For those in doubt, Watts' shows are "100 per cent improvised" - and that's just how he likes it.
"There are definitely some trends that carry through from show to show. Sometimes I'll discover something in the moment [and] some shows can be a little more on point than others," he says.
"I don't think it's ever gone horribly wrong. Once every four or five shows, the whole thing resonates and it all comes together and ideas start happening and it's just this fluid creative exchange, so that's great."
Still confused? That's exactly what Watts wants. And it's amazing just how much comedy he draws from dislocating his audiences.
At a conference seminar in 2012, Watts confounded the conservative crowd in nine astounding minutes. He opened as a Frenchman, became a cliche-spouting motivational speaker, morphed into a British scientist, then an American rapper. He also delivered three songs spanning soul, country rodeo and electronic rave-rap on the fly.
By the end, the crowd was in stitches, and like many of his videos, including the hilarious comedy-rap songs F*** S*** Stack and If You're F****** You're F******, it's had millions of views on YouTube.
Watts, who uses sample pads and loops to craft songs during his shows, has a wide musical background to draw from, including studying jazz and stints in shortlived bands like Swampdweller and Synthclub.
"I have a pretty large range of influences, music from the '60s, '70s rock, R&B and Motown and experimental rock, all the way through to the '80s, new wave, industrial, pop, top 40, to '90s grunge, electronica, bohemian hip-hop, all that stuff, to modern trap music - it's all in there," he says. "If I hear it, it's fair game."
He's taken those talents to comedy website Funny Or Die too, with videos like Reggie Watts is Skrillex showing his appreciation for modern music.
"I start by paying tribute but mostly I just want to make it a cool-sounding track. Mostly I'm just thinking, 'Is this cool, is this fun to do something over?' Hopefully it is and I go for it."
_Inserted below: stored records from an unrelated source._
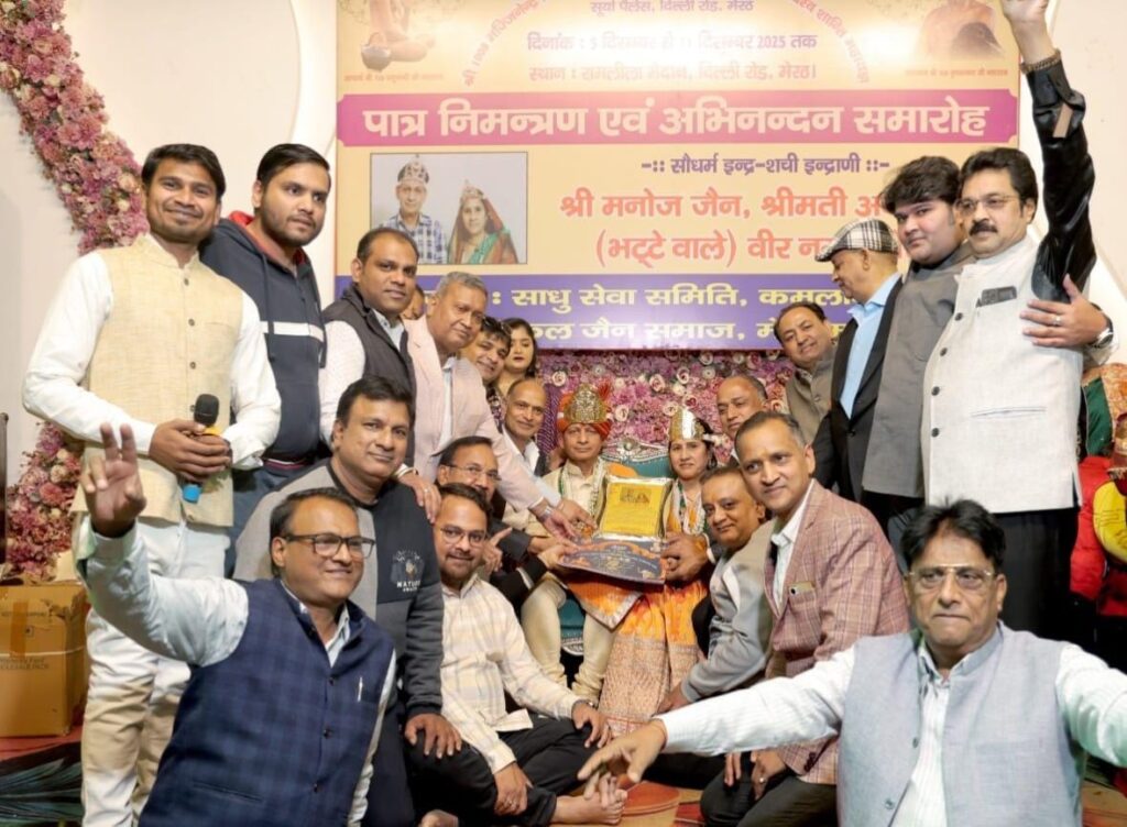 मेरठ। सूर्य पैलेस दिल्ली रोड पर नव निर्मित मंदिर में आज पंचकल्याणक प्रतिष्ठा महोत्सव के मुख्य पात्र सौधर्म इंद्र व सची इंद्राणी का तिलक व आमंत्रण समारोह साधु सेवा समिति द्वारा किया गया तथा पंचकल्याणक महोत्सव में सम्मिलित होने का निमंत्रण दिया गया।
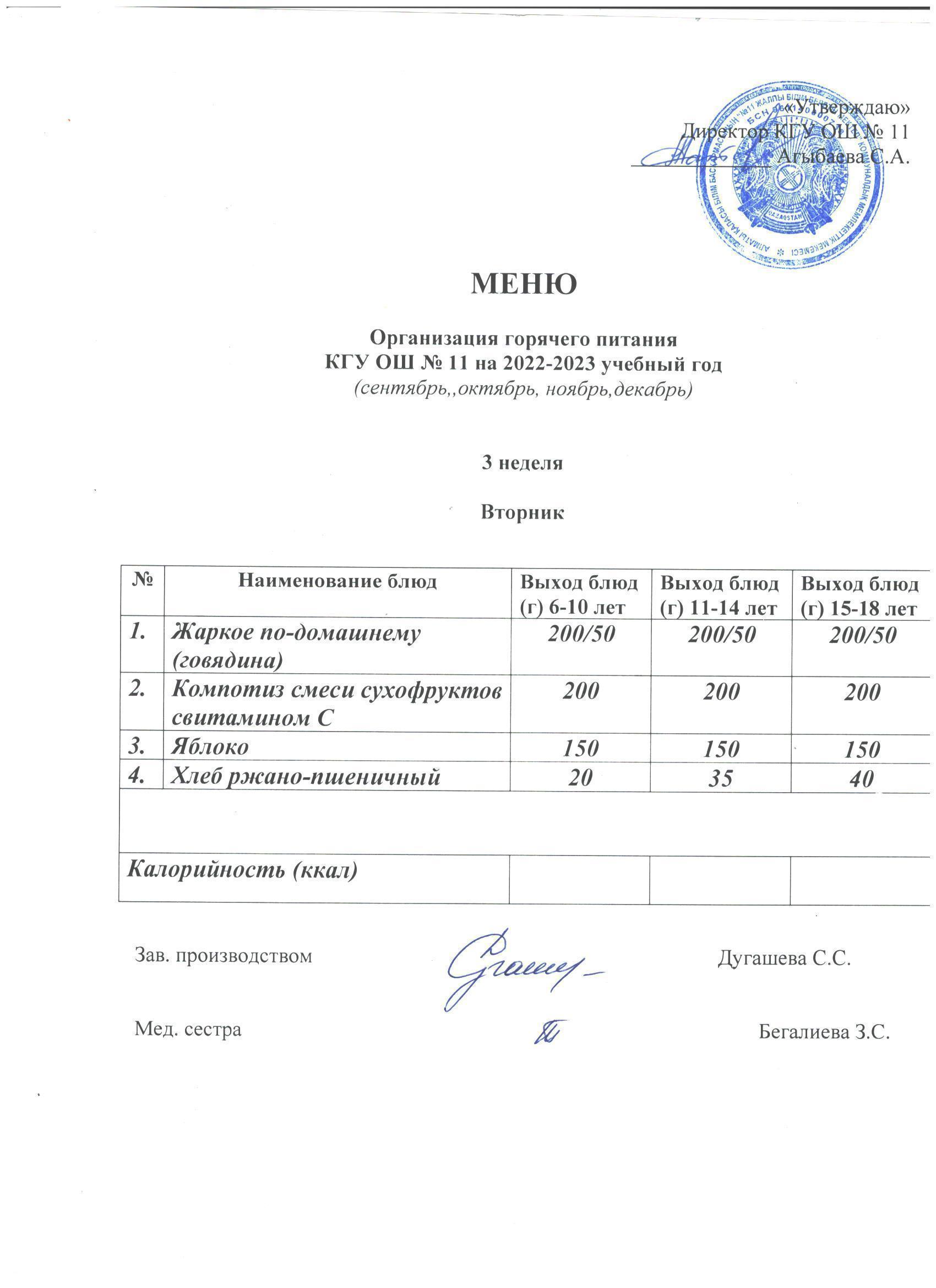 2020 жылға арналған Мектептегі тамақтану мәзірі Меню по школьному питанию на 2020
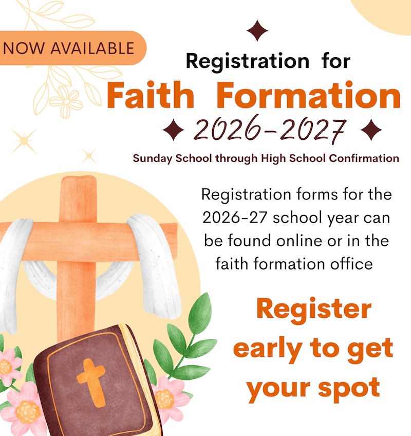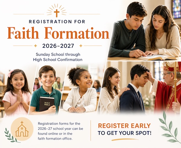 REGISTER EARLY! Faith Formation for 2026-2027
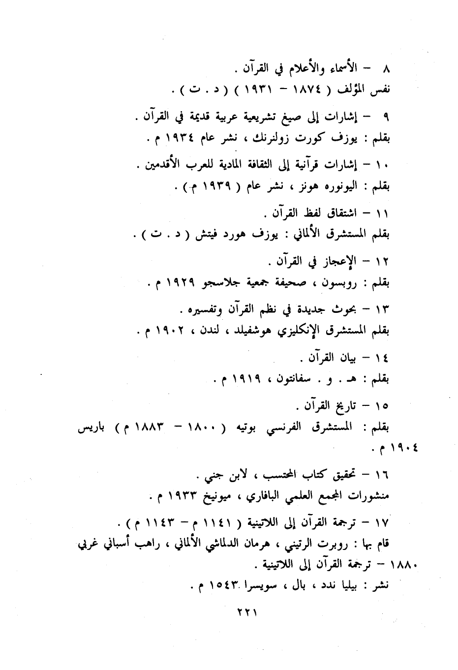 8 - الأسماء والأعلام في القرآن. نفس المؤلف (1874 - 1931) (د. ت).
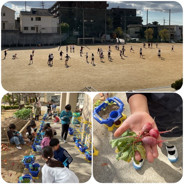 今日4時間目の様子です。3年生図工の時間では、漢字をイメージした作品作りに励んでいました。2年生生活の授業では、育てているラディッシュやホウレンソウ、小松菜などの観察をしていました。可愛らしいラディッシュができていました!4年生は学年体育。4つのコートに分かれてアルティメットの試合をしていました。

Like his live shows, most videos - including his recent travel video series - are done without a script. Watts admits that makes him "inverse" from traditional comedians.
"If someone hands me a script I get really nervous because I have to remember it, and then after remembering it I have to act it," he says.
"I'm just terrible at memorising stuff. I just like improvising. More interesting things can come from improvisation than something that's written, at least for me.
"That makes for a better performance."
Who: Reggie Watts in Hello Humans
Where and when: SkyCity Theatre, Auckland, tonight.